The Maharsha (1555-1632), a Hebrew acronym for "Our teacher, the Rabbi, Shmuel Eliezar (Eidels)" is one of the most renown commentators on the Talmud from the period of the later talmudic commentaries (a period spanning the 16th through 20th centuries.)

Born in Ostrog, Poland (now a part of Russia) at the apex of Polish Jewry, he was part of an extremely fortunate generation, where there was Jewish autonomy in poland, before the ascendency of the cossacks twenty years after his death, and the consequent political strife. He was in a situation with a structured system to promote the learning of Talmud and religious Judaism, yet not one affluent enough to encourage the assimilation of Jews into secular society, and the attendant distractions of secular life. After marriage, supported by his in-laws, he first founded a large Yeshiva. After their deaths, when he fell on hard times, he moved on to the slightly more lucrative position as a pulpit Rabbi, first in Chelm, then Lublin, and finally Ostrog.

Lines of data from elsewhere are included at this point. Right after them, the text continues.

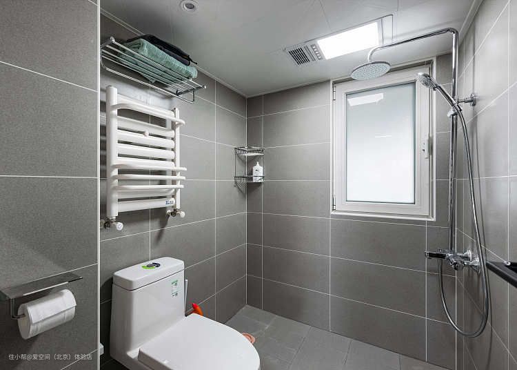 卫生间干湿分离,利于保持干爽,方便业主平时的清洁。地面和墙面均是马可波罗瓷砖,灰色不仅看起来耐脏,也散发出一种稳重的气息,符合男业主的气质。#干湿分离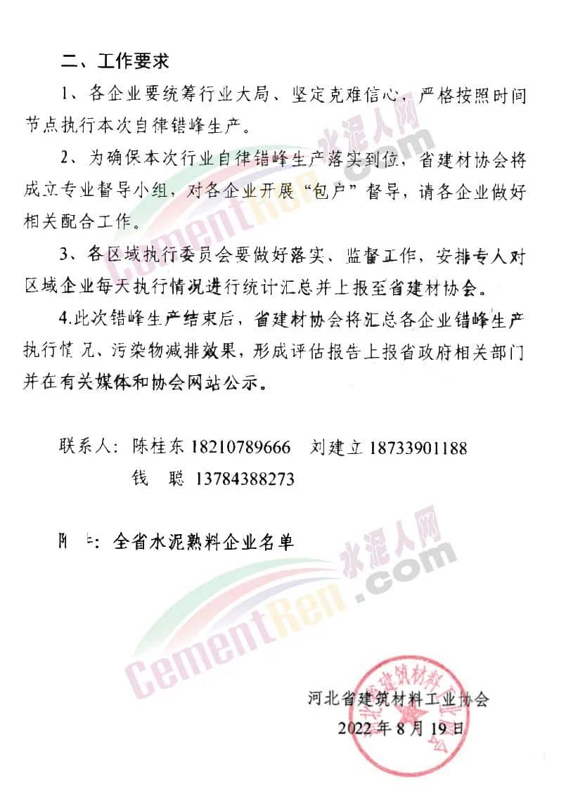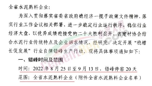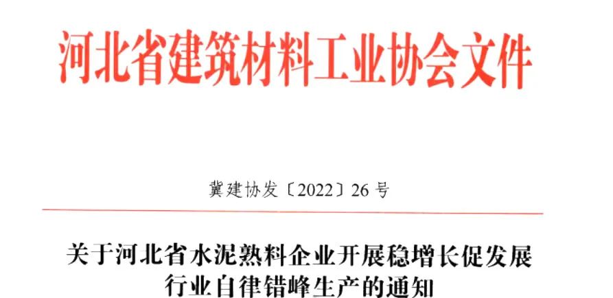 日前,河北省建筑材料工業(yè)協(xié)會(huì)發(fā)布《關(guān)于河北省水泥熟料企業(yè)開(kāi)展穩(wěn)增長(zhǎng)促發(fā)展行業(yè)自律錯(cuò)峰生產(chǎn)的通知》,是覅有河北全省水泥熟料企業(yè)自2022年8月25日~9月13日,錯(cuò)峰停窯20天。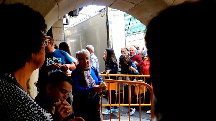 La anciana no suelta el bollo y el bastón,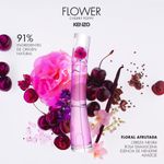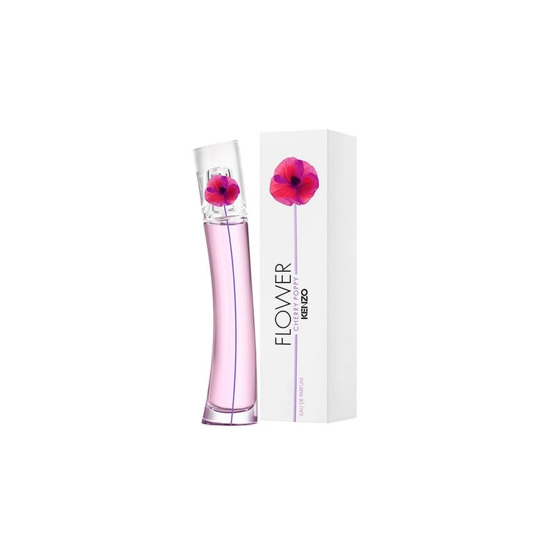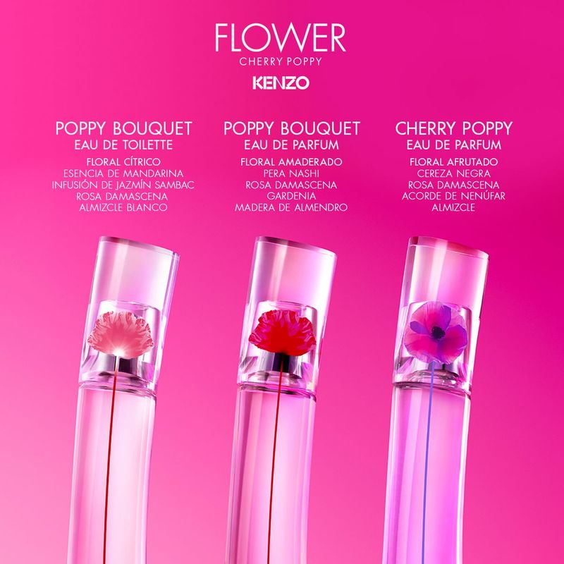 El legendario frasco de FLOWER está adornado con la amapola rosa y violeta de KENZO, y su corazón es una tentadora explosión de cereza.

In Ostrog, as a Rabbi, he was able to found a second large academy, this time teaching hundreds of students.

The Maharsha is famous for two somewhat divergent commentaries that have since been compiled into one; Chiddushei Halachot and Chiddushei Aggadot (Insights into law, and Insights into allegory.) These two books are each very important for very different reasons. Chiddushei Halachot remains on of the best resources for complete analyses of the early commentators, and how they understood the didactic portions of the Talmud. Chiddushei Aggadot, however, is a much more philosophical work, explaining the meaning of the allegories used in the Talmud with much of the same clarity found in Chiddushei Halachot.

Chiddushei Aggadot was one of the first books to write analyses of the allegorical sections of the Talmud, which until then were largely left to the Rabbis to explain, since much of the meaning was considered too esoteric for the common Jew, and was largely philosophical in nature. His explanations stand today as the basis of almost all consideration of these sections, considered to be the sources for much of Kabbala, which came into wider study in the decades and centuries after the Maharsha died. The Baal Shem Tov and the Chazon Ish both greatly encouraged the study of the Maharsha's works, and they gained acceptance, until today when it is difficult to find a copy of the Talmud without his commentary included as one of the appendices in the back.